Task
Repeat exactly, and only, the lines below starting at the line that contains "o.a. de KNVB." and ending at the line that contains "駅舎は重厚な造りで巨大な柱が", inclusive of both.

Available data

BEGIN

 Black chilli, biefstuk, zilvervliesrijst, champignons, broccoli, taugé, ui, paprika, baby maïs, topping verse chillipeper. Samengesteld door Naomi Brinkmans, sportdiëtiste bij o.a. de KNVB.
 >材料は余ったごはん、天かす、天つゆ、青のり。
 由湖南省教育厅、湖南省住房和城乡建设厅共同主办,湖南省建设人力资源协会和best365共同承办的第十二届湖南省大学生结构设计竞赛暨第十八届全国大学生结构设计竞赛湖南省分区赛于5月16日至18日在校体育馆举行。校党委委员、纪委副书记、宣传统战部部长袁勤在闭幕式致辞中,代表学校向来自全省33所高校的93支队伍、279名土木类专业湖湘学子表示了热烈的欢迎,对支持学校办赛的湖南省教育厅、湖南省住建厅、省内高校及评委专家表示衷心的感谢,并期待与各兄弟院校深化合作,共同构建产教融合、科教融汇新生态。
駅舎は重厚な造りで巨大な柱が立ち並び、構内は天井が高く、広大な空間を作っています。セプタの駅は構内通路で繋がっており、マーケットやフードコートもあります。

END
BEGIN

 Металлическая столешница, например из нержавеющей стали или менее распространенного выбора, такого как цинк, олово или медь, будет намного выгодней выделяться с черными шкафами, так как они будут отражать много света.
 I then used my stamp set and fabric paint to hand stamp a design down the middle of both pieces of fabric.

END

Problem solution
 Black chilli, biefstuk, zilvervliesrijst, champignons, broccoli, taugé, ui, paprika, baby maïs, topping verse chillipeper. Samengesteld door Naomi Brinkmans, sportdiëtiste bij o.a. de KNVB.
 >材料は余ったごはん、天かす、天つゆ、青のり。
 由湖南省教育厅、湖南省住房和城乡建设厅共同主办,湖南省建设人力资源协会和best365共同承办的第十二届湖南省大学生结构设计竞赛暨第十八届全国大学生结构设计竞赛湖南省分区赛于5月16日至18日在校体育馆举行。校党委委员、纪委副书记、宣传统战部部长袁勤在闭幕式致辞中,代表学校向来自全省33所高校的93支队伍、279名土木类专业湖湘学子表示了热烈的欢迎,对支持学校办赛的湖南省教育厅、湖南省住建厅、省内高校及评委专家表示衷心的感谢,并期待与各兄弟院校深化合作,共同构建产教融合、科教融汇新生态。
駅舎は重厚な造りで巨大な柱が立ち並び、構内は天井が高く、広大な空間を作っています。セプタの駅は構内通路で繋がっており、マーケットやフードコートもあります。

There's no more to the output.